REQUIRED ACTION: Of all the entries below, only the lines from the one with "Kuva 9 Yksityiskohta" up to and including the one with "2 月 1 日(木)のプレオープンに伴い、全" are to be duplicated exactly.

Records drawn from a dataset:
'''
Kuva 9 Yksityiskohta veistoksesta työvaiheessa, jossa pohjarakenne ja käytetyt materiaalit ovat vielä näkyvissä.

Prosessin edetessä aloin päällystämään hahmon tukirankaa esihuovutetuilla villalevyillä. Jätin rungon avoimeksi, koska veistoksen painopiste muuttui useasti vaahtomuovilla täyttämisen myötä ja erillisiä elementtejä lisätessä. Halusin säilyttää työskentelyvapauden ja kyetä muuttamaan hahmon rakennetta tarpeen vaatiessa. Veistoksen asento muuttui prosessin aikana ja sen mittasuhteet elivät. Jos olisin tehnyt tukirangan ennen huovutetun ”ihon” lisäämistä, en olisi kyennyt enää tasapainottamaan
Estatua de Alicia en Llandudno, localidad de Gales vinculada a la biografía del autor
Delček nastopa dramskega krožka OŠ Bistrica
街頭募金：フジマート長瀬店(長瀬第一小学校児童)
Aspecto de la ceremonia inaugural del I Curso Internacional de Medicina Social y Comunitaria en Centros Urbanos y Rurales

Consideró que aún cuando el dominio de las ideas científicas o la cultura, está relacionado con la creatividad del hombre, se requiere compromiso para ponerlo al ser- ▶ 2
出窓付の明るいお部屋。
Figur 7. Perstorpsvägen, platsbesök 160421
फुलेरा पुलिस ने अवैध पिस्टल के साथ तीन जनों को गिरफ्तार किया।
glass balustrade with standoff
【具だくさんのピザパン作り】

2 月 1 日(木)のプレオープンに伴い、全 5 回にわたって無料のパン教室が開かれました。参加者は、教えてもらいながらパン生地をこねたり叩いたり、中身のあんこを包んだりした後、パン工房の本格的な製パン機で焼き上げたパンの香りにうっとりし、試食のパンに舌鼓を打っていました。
'''
'''
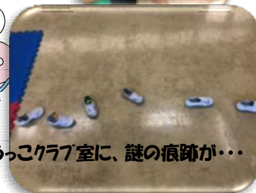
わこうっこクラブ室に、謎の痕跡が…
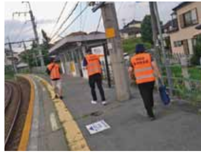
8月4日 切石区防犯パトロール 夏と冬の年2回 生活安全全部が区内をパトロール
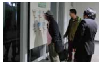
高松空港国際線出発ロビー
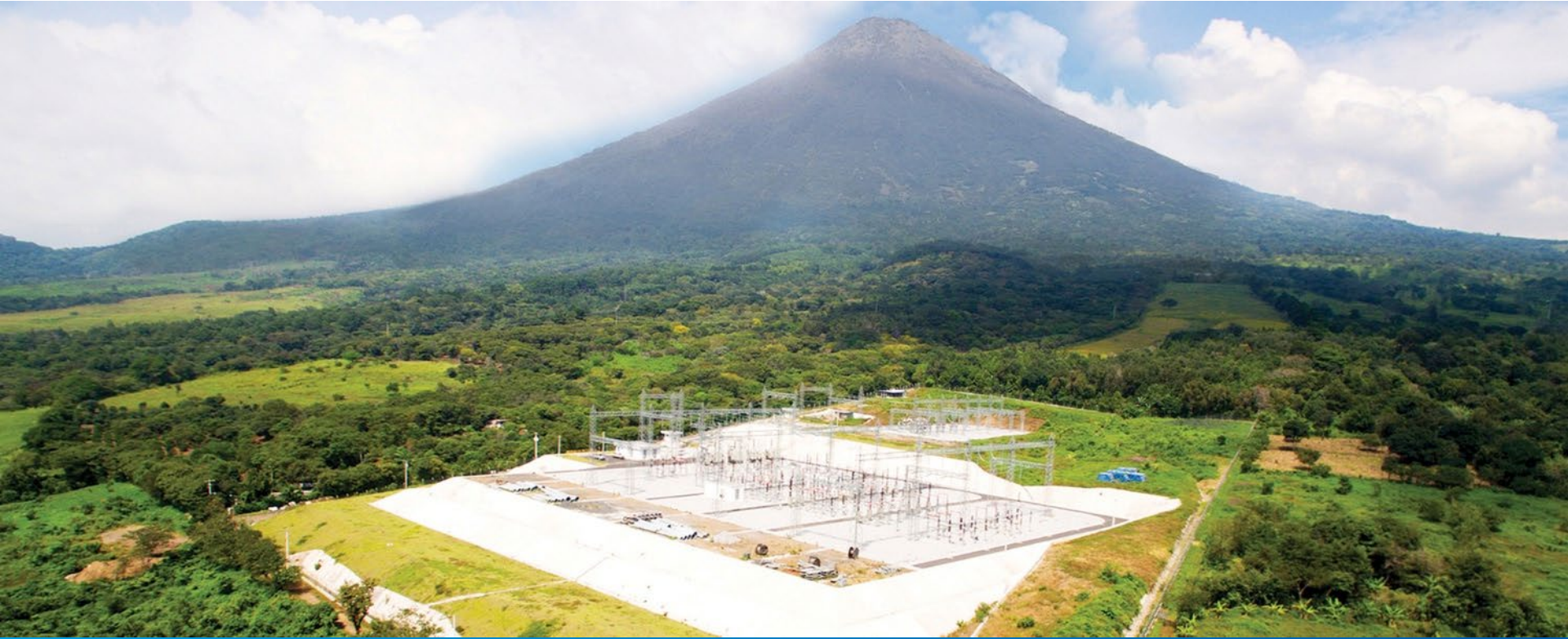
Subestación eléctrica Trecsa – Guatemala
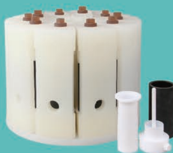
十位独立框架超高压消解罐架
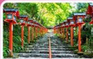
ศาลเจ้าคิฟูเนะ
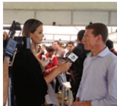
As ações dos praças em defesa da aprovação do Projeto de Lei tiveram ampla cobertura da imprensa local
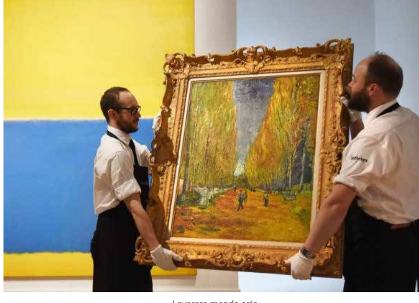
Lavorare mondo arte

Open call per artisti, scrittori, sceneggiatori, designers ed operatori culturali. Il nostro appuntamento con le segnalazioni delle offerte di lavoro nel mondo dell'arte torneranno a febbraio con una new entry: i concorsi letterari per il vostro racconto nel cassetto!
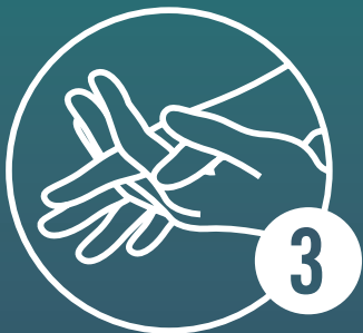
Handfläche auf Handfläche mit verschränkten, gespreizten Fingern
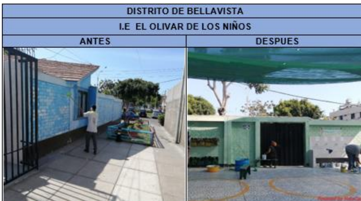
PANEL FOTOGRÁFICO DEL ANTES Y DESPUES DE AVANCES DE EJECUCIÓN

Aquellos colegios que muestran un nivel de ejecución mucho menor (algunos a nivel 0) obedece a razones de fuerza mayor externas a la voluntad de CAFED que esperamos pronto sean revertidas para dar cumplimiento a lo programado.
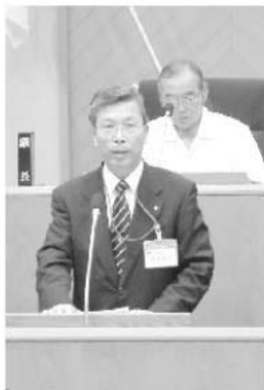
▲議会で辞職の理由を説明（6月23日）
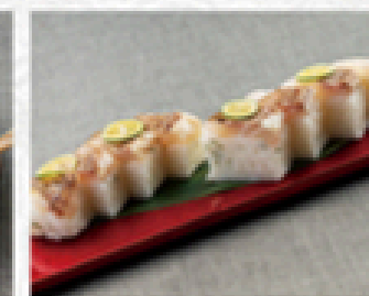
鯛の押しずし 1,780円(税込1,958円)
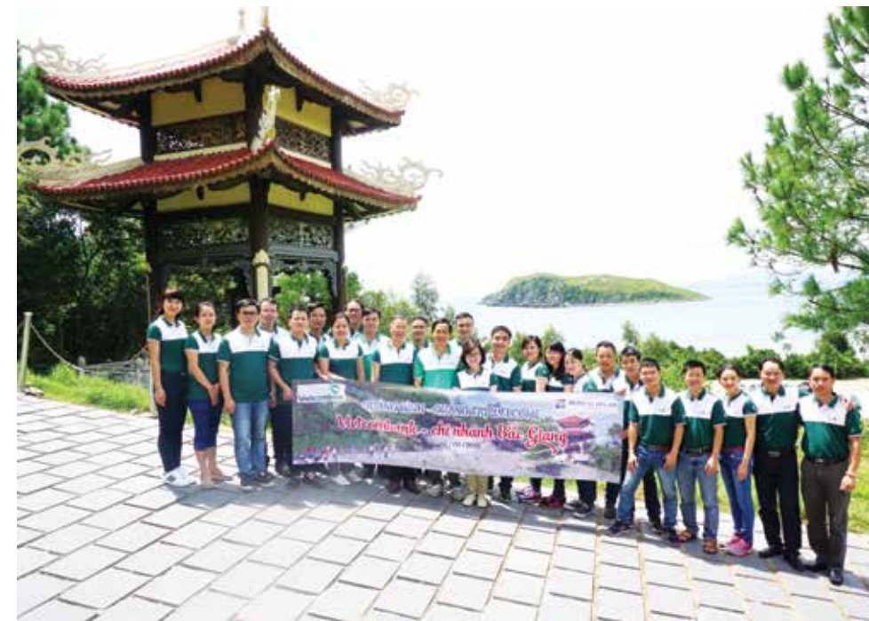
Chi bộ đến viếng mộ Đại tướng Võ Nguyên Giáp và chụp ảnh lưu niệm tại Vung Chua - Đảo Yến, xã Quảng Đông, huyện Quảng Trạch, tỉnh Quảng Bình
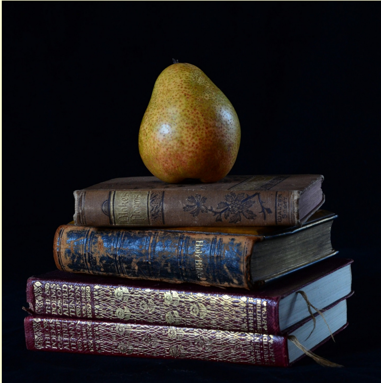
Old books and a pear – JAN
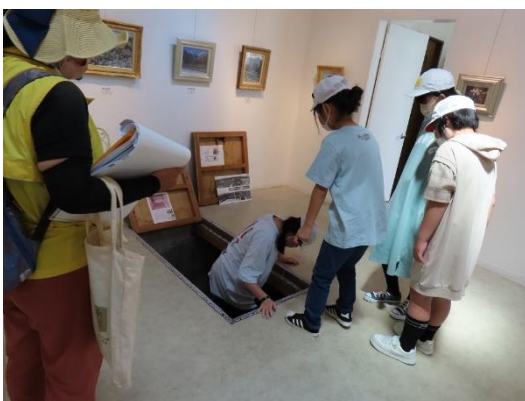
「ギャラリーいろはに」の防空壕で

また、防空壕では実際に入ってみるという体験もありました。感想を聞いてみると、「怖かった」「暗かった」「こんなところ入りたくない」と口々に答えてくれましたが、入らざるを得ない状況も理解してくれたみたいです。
'''
'''
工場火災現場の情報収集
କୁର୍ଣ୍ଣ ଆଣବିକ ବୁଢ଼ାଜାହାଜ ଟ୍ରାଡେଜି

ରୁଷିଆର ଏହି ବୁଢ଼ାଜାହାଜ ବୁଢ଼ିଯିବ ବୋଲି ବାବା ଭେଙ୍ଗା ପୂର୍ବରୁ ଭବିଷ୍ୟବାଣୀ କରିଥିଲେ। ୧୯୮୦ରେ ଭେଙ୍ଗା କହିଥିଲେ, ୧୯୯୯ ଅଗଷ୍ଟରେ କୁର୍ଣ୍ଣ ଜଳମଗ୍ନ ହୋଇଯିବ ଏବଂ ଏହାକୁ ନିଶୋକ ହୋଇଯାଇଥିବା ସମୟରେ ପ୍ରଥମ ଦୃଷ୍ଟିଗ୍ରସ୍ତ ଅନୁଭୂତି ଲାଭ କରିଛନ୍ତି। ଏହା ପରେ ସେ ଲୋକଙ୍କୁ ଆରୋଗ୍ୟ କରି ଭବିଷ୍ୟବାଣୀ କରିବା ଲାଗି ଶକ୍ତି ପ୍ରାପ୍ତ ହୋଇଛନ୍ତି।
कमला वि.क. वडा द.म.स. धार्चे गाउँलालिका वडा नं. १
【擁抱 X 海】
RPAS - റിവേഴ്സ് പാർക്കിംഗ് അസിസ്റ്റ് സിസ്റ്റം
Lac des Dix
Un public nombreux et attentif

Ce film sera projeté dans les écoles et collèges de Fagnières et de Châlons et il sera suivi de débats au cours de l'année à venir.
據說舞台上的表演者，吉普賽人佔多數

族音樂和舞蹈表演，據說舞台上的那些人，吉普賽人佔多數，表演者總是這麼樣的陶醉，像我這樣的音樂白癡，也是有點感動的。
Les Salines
'''
SOLUTION:
Kuva 9 Yksityiskohta veistoksesta työvaiheessa, jossa pohjarakenne ja käytetyt materiaalit ovat vielä näkyvissä.

Prosessin edetessä aloin päällystämään hahmon tukirankaa esihuovutetuilla villalevyillä. Jätin rungon avoimeksi, koska veistoksen painopiste muuttui useasti vaahtomuovilla täyttämisen myötä ja erillisiä elementtejä lisätessä. Halusin säilyttää työskentelyvapauden ja kyetä muuttamaan hahmon rakennetta tarpeen vaatiessa. Veistoksen asento muuttui prosessin aikana ja sen mittasuhteet elivät. Jos olisin tehnyt tukirangan ennen huovutetun ”ihon” lisäämistä, en olisi kyennyt enää tasapainottamaan
Estatua de Alicia en Llandudno, localidad de Gales vinculada a la biografía del autor
Delček nastopa dramskega krožka OŠ Bistrica
街頭募金：フジマート長瀬店(長瀬第一小学校児童)
Aspecto de la ceremonia inaugural del I Curso Internacional de Medicina Social y Comunitaria en Centros Urbanos y Rurales

Consideró que aún cuando el dominio de las ideas científicas o la cultura, está relacionado con la creatividad del hombre, se requiere compromiso para ponerlo al ser- ▶ 2
出窓付の明るいお部屋。
Figur 7. Perstorpsvägen, platsbesök 160421
फुलेरा पुलिस ने अवैध पिस्टल के साथ तीन जनों को गिरफ्तार किया।
glass balustrade with standoff
【具だくさんのピザパン作り】

2 月 1 日(木)のプレオープンに伴い、全 5 回にわたって無料のパン教室が開かれました。参加者は、教えてもらいながらパン生地をこねたり叩いたり、中身のあんこを包んだりした後、パン工房の本格的な製パン機で焼き上げたパンの香りにうっとりし、試食のパンに舌鼓を打っていました。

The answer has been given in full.